States may be on their own for health insurance exchange costs

United States House Committee on Energy and CommerceHealth care has been a hot issue for several years now. Since the days when the Affordable Care Act was being championed by the Obama Administration until now, there has been shortage of controversy surrounding health insurance. Now, the House of Representatives Subcommittee on Energy and Commerce has approved a number of bills that is likely to incite backlash from supporters of the health care reform law. One bill in particular targets health insurance exchanges.

Health insurance exchanges are one of the provisions of the Affordable Care Act. Their primary goal is to provide individuals and small groups the ability to purchase affordable insurance coverage and influence the market by pooling their purchasing power. All states are required to have a fully operational exchange program in place by 2014.
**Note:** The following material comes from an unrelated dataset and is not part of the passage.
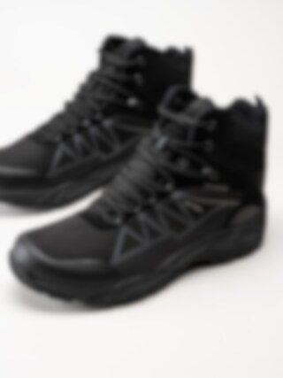 Svarta vandringskängor i textil och syntet från Network. Hikingkänga med waterproof membran som håller dig torr om fötterna. Kängorna är utrustade med Softshell textil som gör den mjuk och fölsam mot foten. Snörparti med 7 hål för bra passform och vadderad kant mot benet som är riktigt skönt. Yttersula i gummi med bra mönster för bättre grepp. Perfekt känga för höst och vinterns fritidsaktiviteter. Vi rekomenderar ullstrumpa för bästa resultat.

Health and Human Services has been providing funding to states that have begun the process of establishing an exchange. The money provided can be used for anything as long as it is used in the context of promoting the program. A bill passed by the Energy and Commerce subcommittee is aiming to bar those funding, leaving states to pay for these massive undertakings on their own.

Opponents of the bill have railed against its passing, saying that many states can scarcely afford the programs currently instituted. Cutting funding in this way will likely cripple a state’s ability to establish an insurance exchange within the allotted timeline.

The bill is not officially law as of yet, but has made a major step down the road of becoming one. Further hearings will be held later today as to the future of the bill.